Re: [RFC] /dev/ioasid uAPI proposal

Jason Gunthorpe <jgg@xxxxxxxxxx> · Fri, 4 Jun 2021 20:01:08 -0300

On Fri, Jun 04, 2021 at 03:29:18PM -0600, Alex Williamson wrote:
> On Fri, 4 Jun 2021 14:22:07 -0300
> Jason Gunthorpe <jgg@xxxxxxxxxx> wrote:
> 
> > On Fri, Jun 04, 2021 at 06:10:51PM +0200, Paolo Bonzini wrote:
> > > On 04/06/21 18:03, Jason Gunthorpe wrote:  
> > > > On Fri, Jun 04, 2021 at 05:57:19PM +0200, Paolo Bonzini wrote:  
> > > > > I don't want a security proof myself; I want to trust VFIO to make the right
> > > > > judgment and I'm happy to defer to it (via the KVM-VFIO device).
> > > > > 
> > > > > Given how KVM is just a device driver inside Linux, VMs should be a slightly
> > > > > more roundabout way to do stuff that is accessible to bare metal; not a way
> > > > > to gain extra privilege.  
> > > > 
> > > > Okay, fine, lets turn the question on its head then.
> > > > 
> > > > VFIO should provide a IOCTL VFIO_EXECUTE_WBINVD so that userspace VFIO
> > > > application can make use of no-snoop optimizations. The ability of KVM
> > > > to execute wbinvd should be tied to the ability of that IOCTL to run
> > > > in a normal process context.
> > > > 
> > > > So, under what conditions do we want to allow VFIO to giave a process
> > > > elevated access to the CPU:  
> > > 
> > > Ok, I would definitely not want to tie it *only* to CAP_SYS_RAWIO (i.e.
> > > #2+#3 would be worse than what we have today), but IIUC the proposal (was it
> > > yours or Kevin's?) was to keep #2 and add #1 with an enable/disable ioctl,
> > > which then would be on VFIO and not on KVM.    
> > 
> > At the end of the day we need an ioctl with two arguments:
> >  - The 'security proof' FD (ie /dev/vfio/XX, or /dev/ioasid, or whatever)
> >  - The KVM FD to control wbinvd support on
> > 
> > Philosophically it doesn't matter too much which subsystem that ioctl
> > lives, but we have these obnoxious cross module dependencies to
> > consider.. 
> > 
> > Framing the question, as you have, to be about the process, I think
> > explains why KVM doesn't really care what is decided, so long as the
> > process and the VM have equivalent rights.
> > 
> > Alex, how about a more fleshed out suggestion:
> > 
> >  1) When the device is attached to the IOASID via VFIO_ATTACH_IOASID
> >     it communicates its no-snoop configuration:
> 
> Communicates to whom?

To the /dev/iommu FD which will have to maintain a list of devices
attached to it internally.

> >      - 0 enable, allow WBINVD
> >      - 1 automatic disable, block WBINVD if the platform
> >        IOMMU can police it (what we do today)
> >      - 2 force disable, do not allow BINVD ever
> 
> The only thing we know about the device is whether or not Enable
> No-snoop is hard wired to zero, ie. it either can't generate no-snoop
> TLPs ("coherent-only") or it might ("assumed non-coherent").  

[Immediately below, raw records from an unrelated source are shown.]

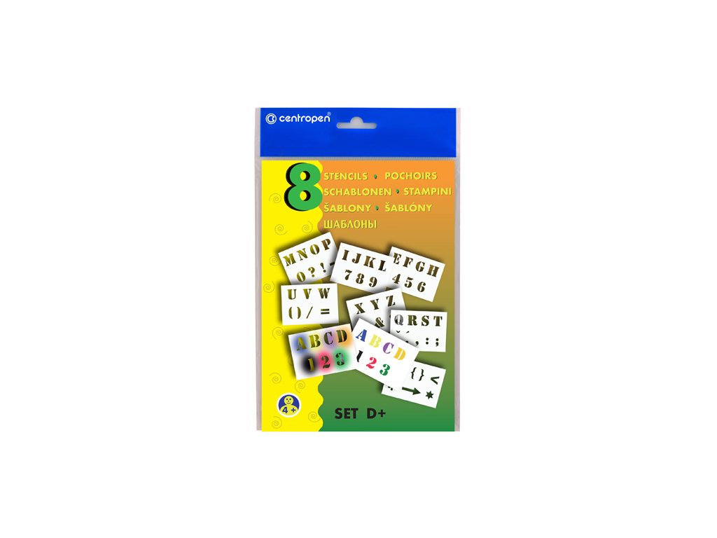 Šablóny papierové CENTROPEN 9996/D Písmena+číslice, sada 8 ks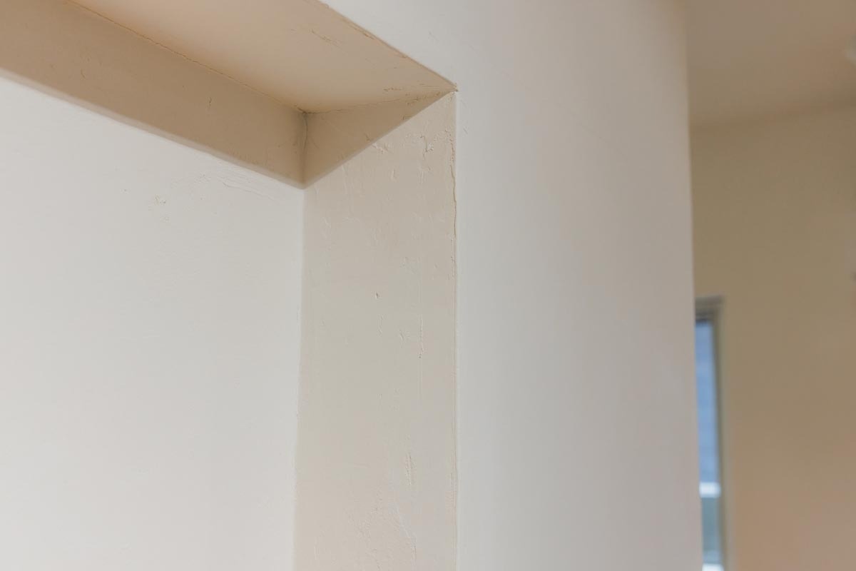 壁には調湿・抗菌効果のある漆喰を使っています。メンテナンスの必要が少ない素材を使うのも家づくりのポイントです。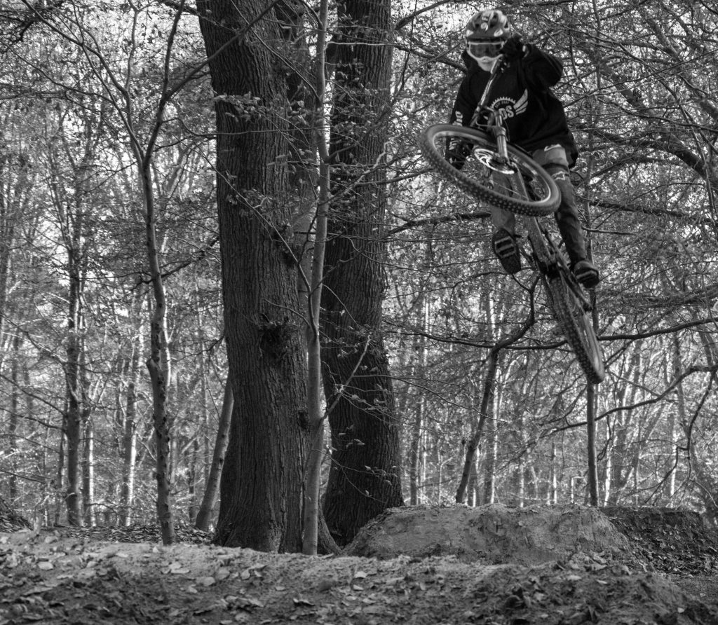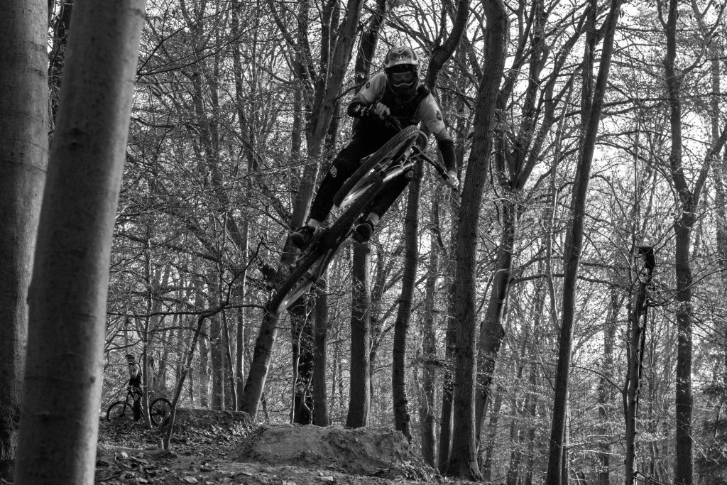 Fotografin Bonn: Action-Aufnahme eines Mountainbikers beim Sprung | Hochwertige Bilder für den Webshop kamaka.info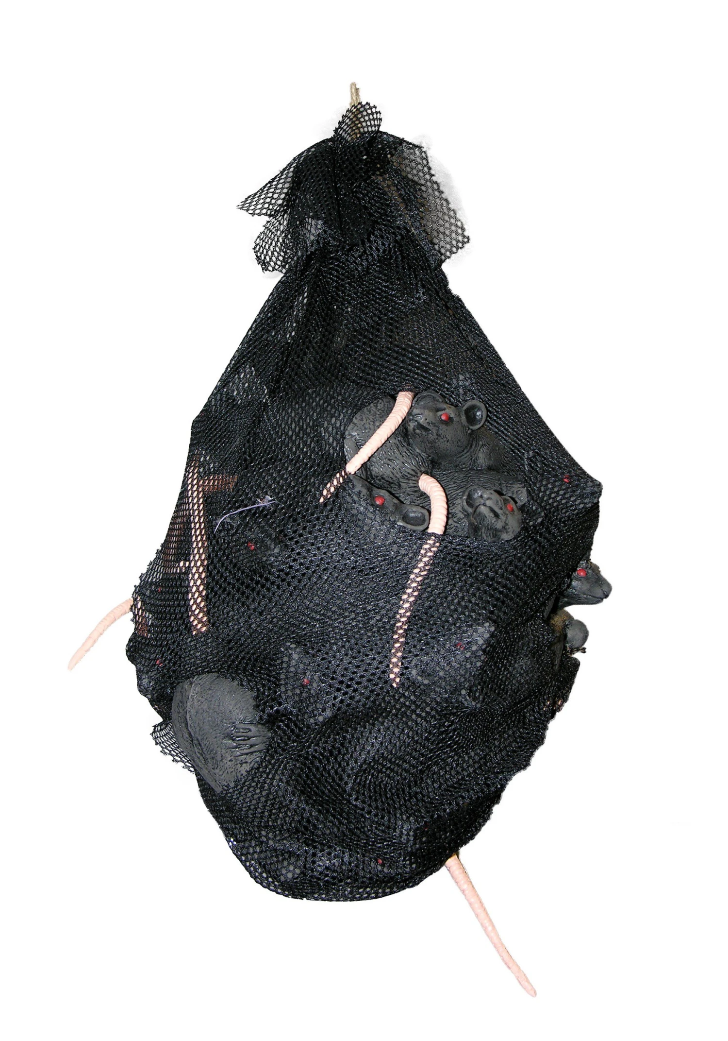 - 9 rubber rat tails protrude through bag

Here I am outlining the choice an also imagining we might want an
admin knob to select the three.

> If we're putting the policy decision in the hands of userspace they
> should have access to wbinvd if they own a device that is assumed
> non-coherent AND it's attached to an IOMMU (page table) that is not
> blocking no-snoop (a "non-coherent IOASID").

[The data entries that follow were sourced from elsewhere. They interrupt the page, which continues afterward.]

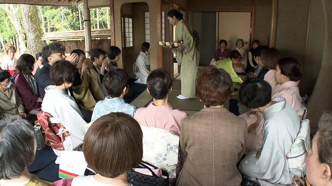 このほか園内では県内で活動する茶道の各流派による茶席も設けられ、訪れた人たちは春のひと時を楽しんでいました。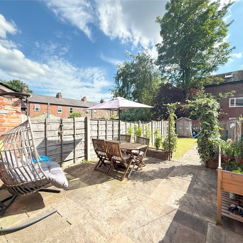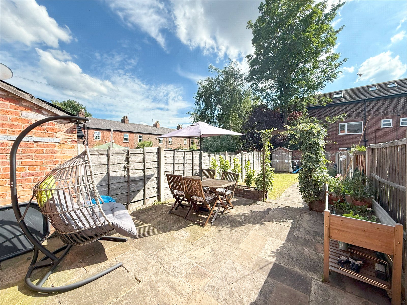 Externally, the property is approached via a paved pathway, with an area of garden running alongside. To the rear there is a wonderful South Westerly facing garden, with a paved patio creating an ideal space for entertaining, with an expanse of lawn beyond.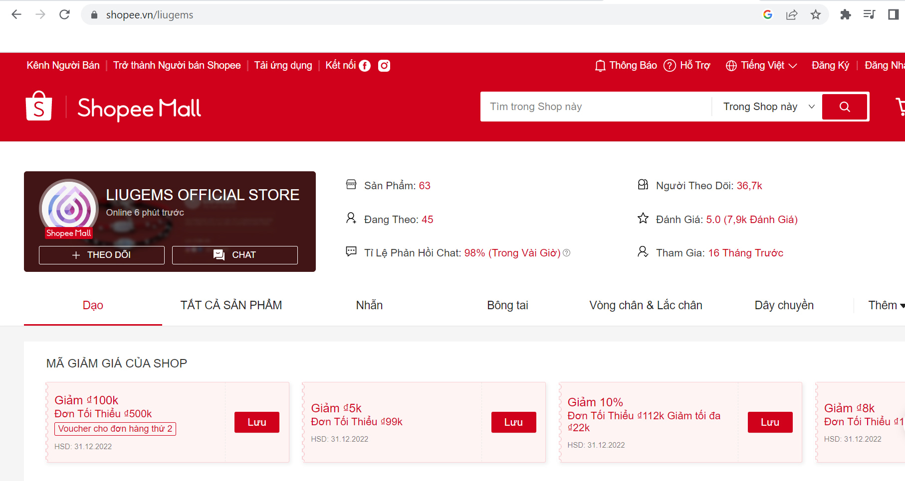Liugems Official Store cũng là một trong những Shop bán vòng tay đá phong thủy, mang lại nhiều may mắn cho mọi người. Tuy rằng mới xuất hiện chưa lâu nhưng Liugems đã xây dựng được một niềm tin cực lớn đối với khách hàng, Shop có 36.7K người theo dõi và 7.9K đánh giá 5/5*, một con số quá "kinh khủng" không phải Shop nào cũng có được. Ngoài các mẫu phụ kiện vòng tay may mắn thì Shop còn có lắc chân, dây chuyền, bông tai vô cùng đa dạng nữa nè.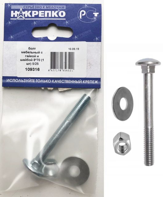 Болт мебельный с гайкой и шайбой 8*70 "НАКРЕПКО" (1 шт) /5/25/ 109316

There are two parts here, like Paolo was leading too. If the process
has access to WBINVD and then if such an allowed process tells KVM to
turn on WBINVD in the guest.

If the process has a device and it has a way to create a non-coherent
IOASID, then that process has access to WBINVD.

For security it doesn't matter if the process actually creates the
non-coherent IOASID or not. An attacker will simply do the steps that
give access to WBINVD.

The important detail is that access to WBINVD does not compell the
process to tell KVM to turn on WBINVD. So a qemu with access to WBINVD
can still choose to create a secure guest by always using IOMMU_CACHE
in its page tables and not asking KVM to enable WBINVD.

This propsal shifts this policy decision from the kernel to userspace.
qemu is responsible to determine if KVM should enable wbinvd or not
based on if it was able to create IOASID's with IOMMU_CACHE.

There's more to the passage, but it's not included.